It’s a common assumption among marketers that if you can customize any form of marketing, particularly mobile advertising, you’ll get better results. With this in mind, mobile marketing relies significantly on user tracking data as a cornerstone advertising strategy.
New research has looked into the value of user tracking data for targeting purposes and offered some insights about the privacy outcomes of such activities in a multisided mobile advertising market. This not only represents new thinking on marketing strategy, but could help mitigate certain societal concerns over privacy issues and the use of certain tracking data in mobile advertising.

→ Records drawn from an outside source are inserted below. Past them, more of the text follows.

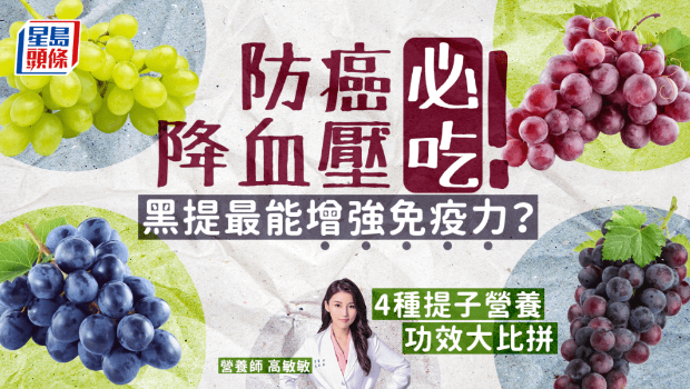 水果營(yíng)養(yǎng)豐富,提子(葡萄)是深受港人歡迎的水果之一。有營(yíng)養(yǎng)師指,不同顏色的提子營(yíng)養(yǎng)價(jià)值大不同。青提、黑提,紅提等,哪一種提子最有益?吃提子可防癌、降血壓?想改善免疫力吃黑提最有效?
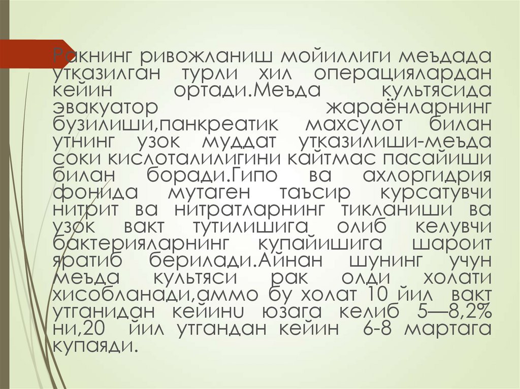 окибатида ривожланади (алкогол, иссик ёки дагал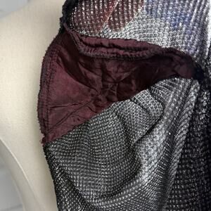 VTG Metallic Sheer Mesh Blazer S/M Black Office Siren Glitter Party Club Rave NYE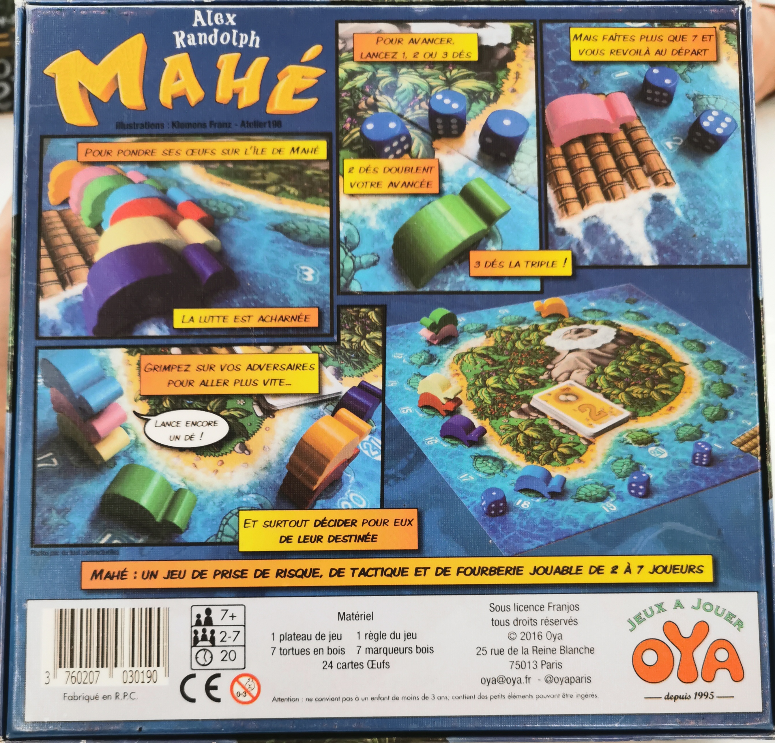 Matériel : 1 plateau de jeu, 7 figurines de tortues, 3 dés, 24 cartes, 1 règle du jeu
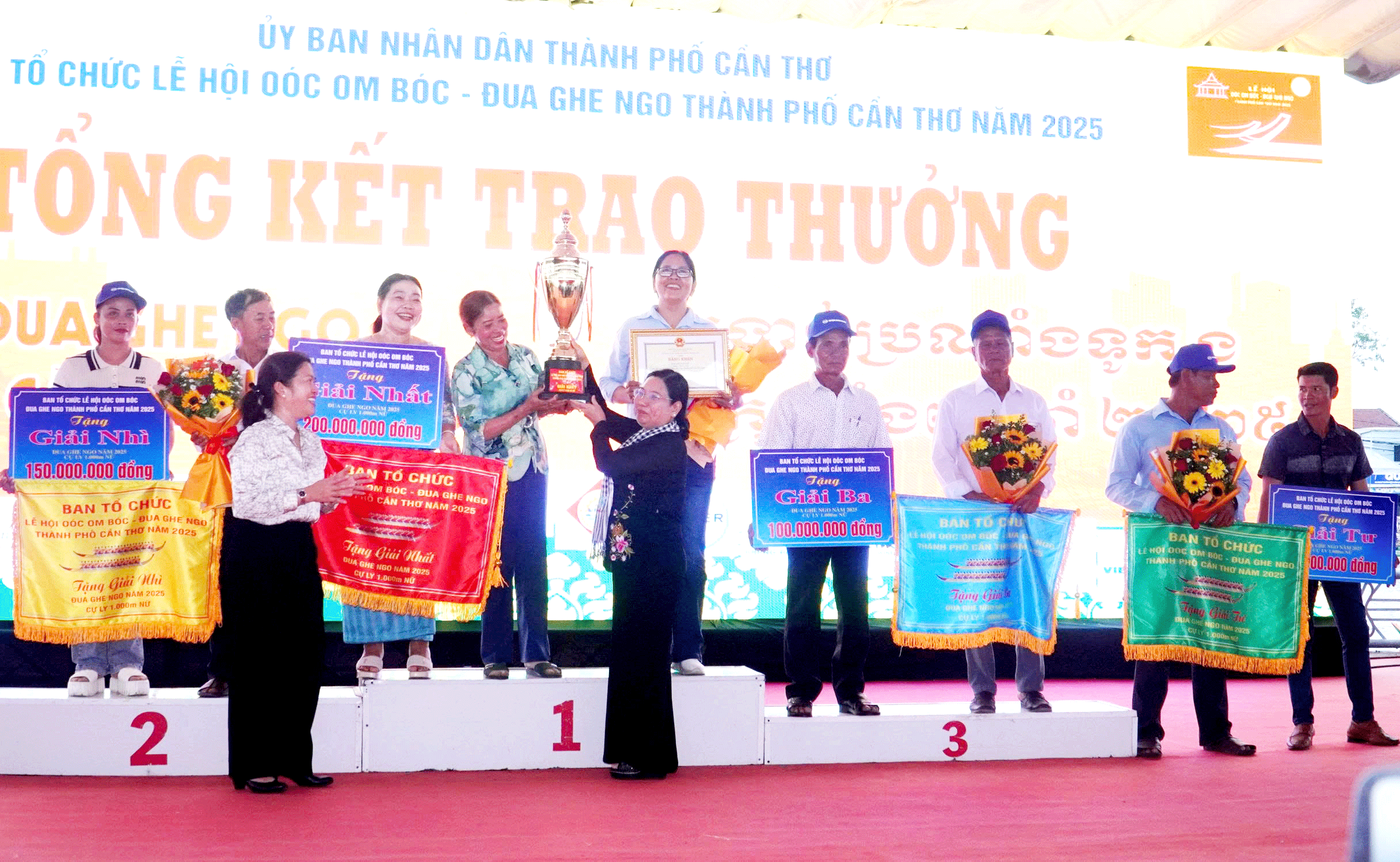 ថ្នាក់ដឹកនាំទីក្រុងកឹងធើ ជូនរង្វាន់ដល់ក្រុមទូក ងនារីដែលទទួលបានស្នាដៃខ្ពស់។

The research study, “Targeting and Privacy in Mobile Advertising,” is to be published in the March issue of the INFORMS journal Marketing Science. It is authored by Omid Rafieian of Cornell University and Hema Yoganarasimhan of the University of Washington.
The study found that a machine learning-based targeting approach improves the average click-through rate by more than 66.8% compared to simpler targeting models.
“The difference mainly stems from behavioral information as opposed to contextual information,” said Rafieian. “What this means is that the machine-learning approach is able to learn user preferences from their past behavioral data, such as the ads they have seen and clicked on. Unlike traditional approaches, machine-learning methods do not put restrictive assumption on user behavior, and in turn, are able to identify more complex patterns in user preference.”
“Once we established the effectiveness of our machine-learning approach, we turned to the privacy question: can we expect any stop on behavioral targeting and user tracking in this market?,” said Yoganarasimhan. “What we found was that although behavioral targeting helps advertisers find better match with impressions, the ad network may want to protect consumer privacy and not allow very granular behavioral targeting for economic reasons. This is because too much targeting can result in softer competition between advertisers, where each advertiser cherry-picks narrow segments, thereby leading to lower revenues for ad networks.”
The research used large-scale data from a leading in-app network of a country in Asia. Study authors created a machine-learning framework for targeting that uses both contextual and behavioral information.
They conducted a comprehensive comparison between the value of contextual and behavioral targeting from different players’ viewpoints. The key insight from the paper was a misalignment between what ad networks and advertisers want: while advertisers demand more privacy-invasive targeting tools, ad networks have natural economic incentives to limit behavioral targeting to increase competition between advertisers. This hints at a future where the market can self-regulate and protect consumers’ privacy.